Măric is a painter in the naive style, of which he is one of Romania's leading exponents. His work sometimes depicts scenes from proverbs and fairy tales, in compositions deeply rooted in Romanian peasant life. His pictures frequently show carnivalesque scenes of play and festivities, centred around moments of social gathering and joy. The paintings are characterised by a vivacious and exuberant use of colour, creating a sense of optimism.

Măric has devised his own colour and measurement rules, employing rich bright dyes and often comically grotesque and asymmetrical figures. Alongside the colour, he makes use of thick confident brushstrokes in black and white.

His style has earned him the nickname Bădiță Chagall, due to a perceived similarity to the work of Marc Chagall.

==Early life==

Măric was born in 1945 to a peasant family in the village of Luncani, in the Romanian county of Bacău, and began to paint at the age of six. As an adolescent, he became an agricultural mechanic, and in 1967 became an employee at a wood factory, where he would continue to work until 1999.

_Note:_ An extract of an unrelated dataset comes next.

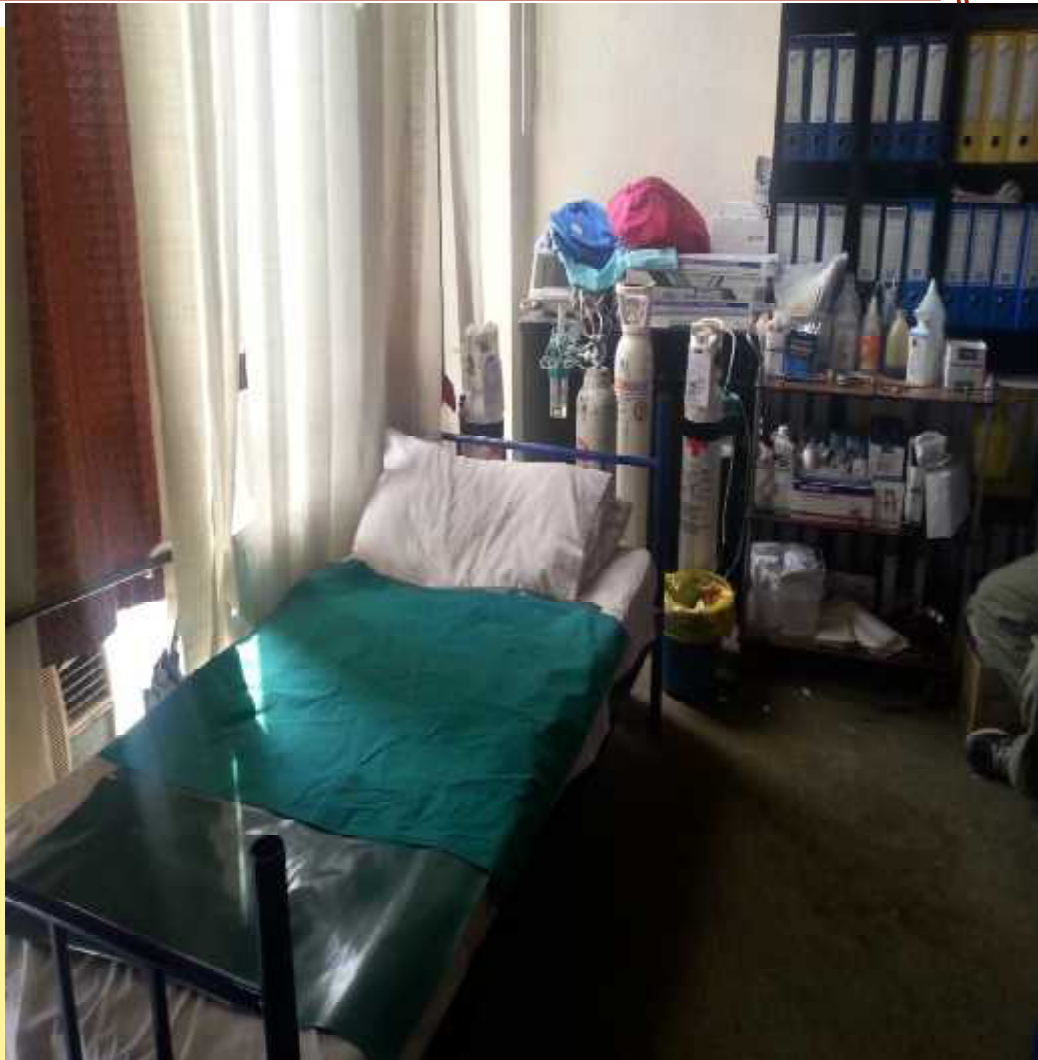
Rad u hotelu

Around the time he was employed at the factory, he started to study part time at the school of art in Bacău, where he was noticed by a prominent teacher and artist, Ilie Boca, who recommended him for the residential art camps which flourished during the Communist regime. After finishing his studies at the Bacău school, he stayed on to become an instructor in naïve art. Shortly after this, he began his relationship with his wife Niculina.

==Artistic career==

During the Ceaușescu period, Măric was able to work without impediment. His chosen field, naive art, was supported by the regime, who viewed it as celebratory of the indigenous national Romanian peasant culture, and as such in keeping with the nationalist aspects of their ideology. His work was displayed at the Cîntarea României ("Singing of the Romanians") festivals, in which Romanian Communist Party functionaries promoted promising artists.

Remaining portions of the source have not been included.